** WHAT TO WORK ON **
Repeat each entry exactly, but do not carry over the pictures.

== Segment start ==

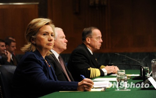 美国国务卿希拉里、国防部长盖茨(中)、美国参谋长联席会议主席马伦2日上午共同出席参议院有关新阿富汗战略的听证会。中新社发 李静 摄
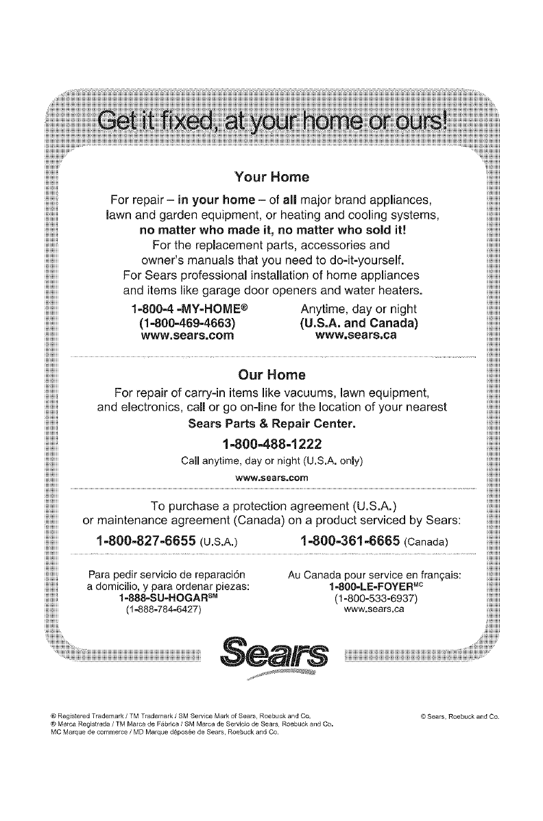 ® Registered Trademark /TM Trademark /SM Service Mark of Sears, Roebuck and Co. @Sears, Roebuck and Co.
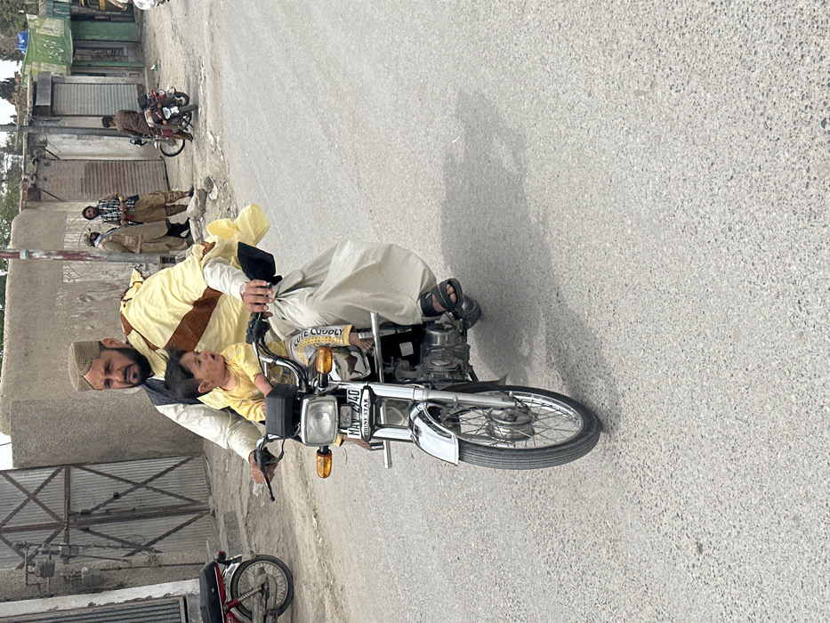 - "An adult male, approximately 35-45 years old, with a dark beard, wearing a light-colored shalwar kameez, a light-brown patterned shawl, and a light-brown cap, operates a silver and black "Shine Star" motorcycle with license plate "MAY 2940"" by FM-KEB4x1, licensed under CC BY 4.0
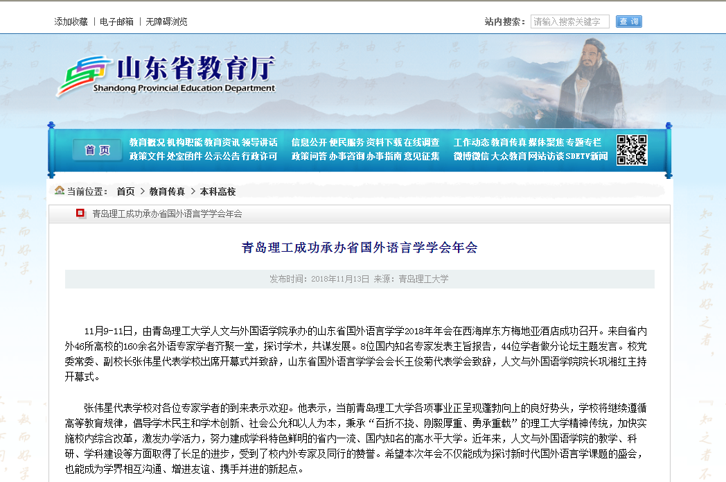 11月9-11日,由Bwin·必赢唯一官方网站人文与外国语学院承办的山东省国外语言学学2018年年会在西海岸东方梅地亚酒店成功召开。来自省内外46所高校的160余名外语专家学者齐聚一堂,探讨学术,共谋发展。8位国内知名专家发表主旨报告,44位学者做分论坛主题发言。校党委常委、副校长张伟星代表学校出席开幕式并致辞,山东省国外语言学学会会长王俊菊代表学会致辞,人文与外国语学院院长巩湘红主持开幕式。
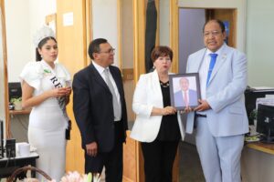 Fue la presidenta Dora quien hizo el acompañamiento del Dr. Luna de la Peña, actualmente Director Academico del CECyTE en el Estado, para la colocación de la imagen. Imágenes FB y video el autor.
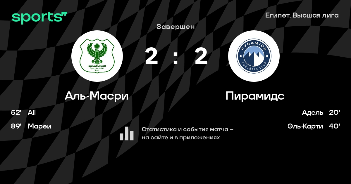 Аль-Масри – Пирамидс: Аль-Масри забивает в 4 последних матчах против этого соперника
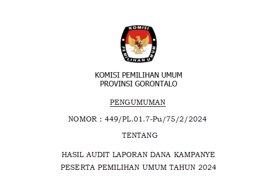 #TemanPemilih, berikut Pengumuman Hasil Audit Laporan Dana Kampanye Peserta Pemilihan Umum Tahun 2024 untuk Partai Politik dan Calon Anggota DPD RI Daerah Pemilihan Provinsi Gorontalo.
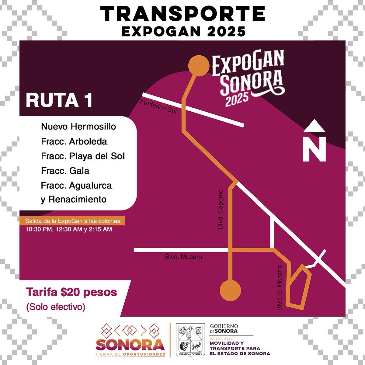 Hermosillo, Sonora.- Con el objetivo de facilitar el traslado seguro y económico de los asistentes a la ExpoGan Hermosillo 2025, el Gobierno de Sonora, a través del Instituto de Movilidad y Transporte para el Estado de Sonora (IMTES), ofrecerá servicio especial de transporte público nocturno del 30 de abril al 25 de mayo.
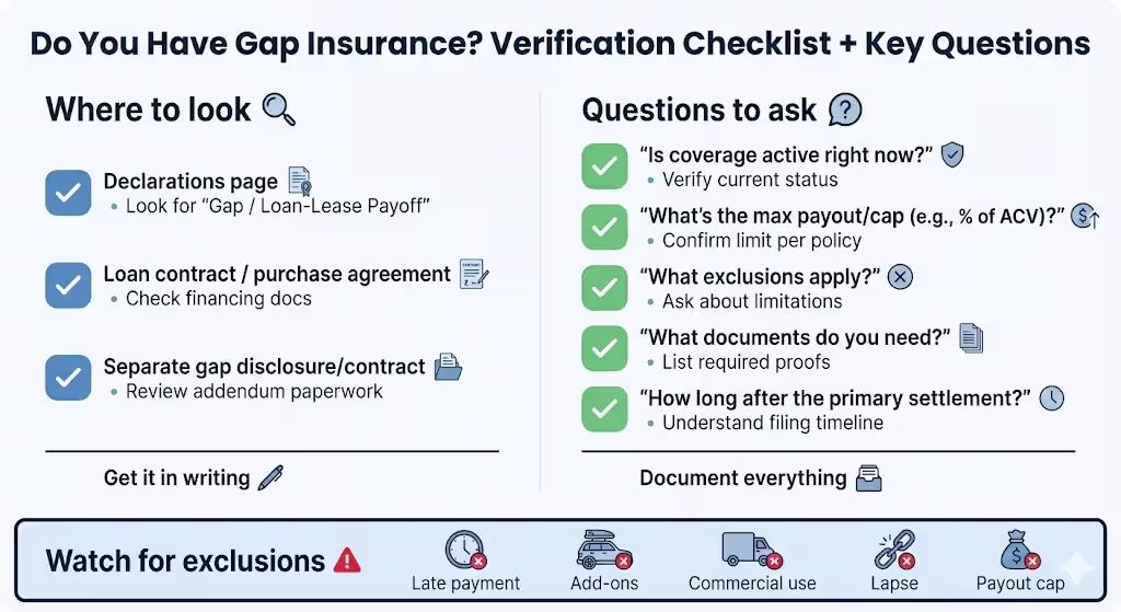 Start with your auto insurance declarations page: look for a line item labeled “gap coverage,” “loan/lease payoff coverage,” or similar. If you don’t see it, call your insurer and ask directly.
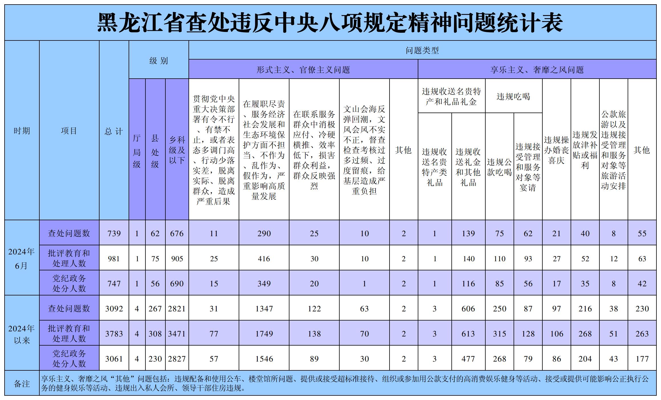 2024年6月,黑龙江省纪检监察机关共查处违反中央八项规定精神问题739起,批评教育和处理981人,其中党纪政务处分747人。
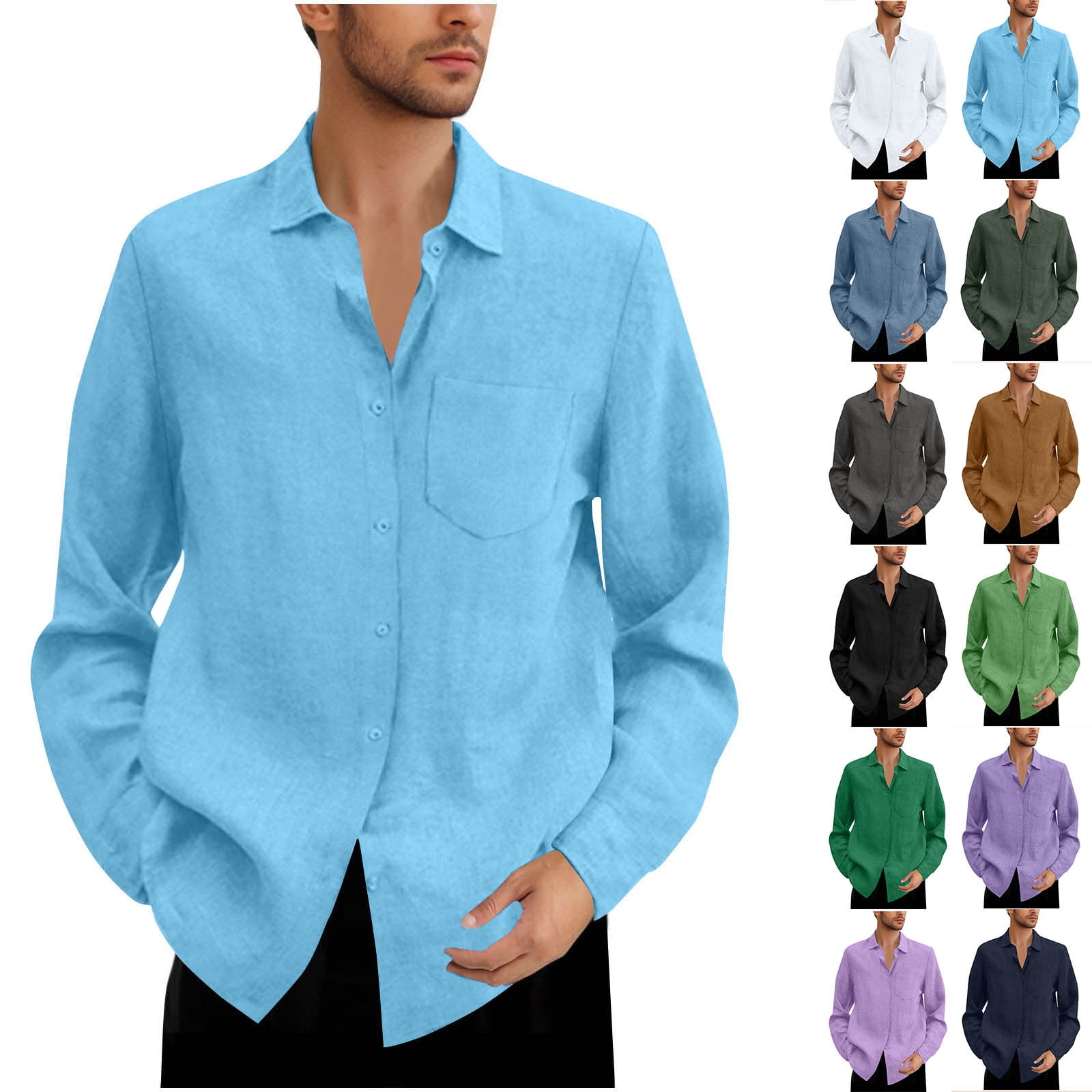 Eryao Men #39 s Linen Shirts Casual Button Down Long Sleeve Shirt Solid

== Segment end ==

** FINISHED EXERCISE **
 美国国务卿希拉里、国防部长盖茨(中)、美国参谋长联席会议主席马伦2日上午共同出席参议院有关新阿富汗战略的听证会。中新社发 李静 摄
 ® Registered Trademark /TM Trademark /SM Service Mark of Sears, Roebuck and Co. @Sears, Roebuck and Co.
 - "An adult male, approximately 35-45 years old, with a dark beard, wearing a light-colored shalwar kameez, a light-brown patterned shawl, and a light-brown cap, operates a silver and black "Shine Star" motorcycle with license plate "MAY 2940"" by FM-KEB4x1, licensed under CC BY 4.0
 11月9-11日,由Bwin·必赢唯一官方网站人文与外国语学院承办的山东省国外语言学学2018年年会在西海岸东方梅地亚酒店成功召开。来自省内外46所高校的160余名外语专家学者齐聚一堂,探讨学术,共谋发展。8位国内知名专家发表主旨报告,44位学者做分论坛主题发言。校党委常委、副校长张伟星代表学校出席开幕式并致辞,山东省国外语言学学会会长王俊菊代表学会致辞,人文与外国语学院院长巩湘红主持开幕式。
 Fue la presidenta Dora quien hizo el acompañamiento del Dr. Luna de la Peña, actualmente Director Academico del CECyTE en el Estado, para la colocación de la imagen. Imágenes FB y video el autor.
 Аль-Масри – Пирамидс: Аль-Масри забивает в 4 последних матчах против этого соперника
 #TemanPemilih, berikut Pengumuman Hasil Audit Laporan Dana Kampanye Peserta Pemilihan Umum Tahun 2024 untuk Partai Politik dan Calon Anggota DPD RI Daerah Pemilihan Provinsi Gorontalo.
 Hermosillo, Sonora.- Con el objetivo de facilitar el traslado seguro y económico de los asistentes a la ExpoGan Hermosillo 2025, el Gobierno de Sonora, a través del Instituto de Movilidad y Transporte para el Estado de Sonora (IMTES), ofrecerá servicio especial de transporte público nocturno del 30 de abril al 25 de mayo.
 Start with your auto insurance declarations page: look for a line item labeled “gap coverage,” “loan/lease payoff coverage,” or similar. If you don’t see it, call your insurer and ask directly.
 2024年6月,黑龙江省纪检监察机关共查处违反中央八项规定精神问题739起,批评教育和处理981人,其中党纪政务处分747人。
 Eryao Men #39 s Linen Shirts Casual Button Down Long Sleeve Shirt Solid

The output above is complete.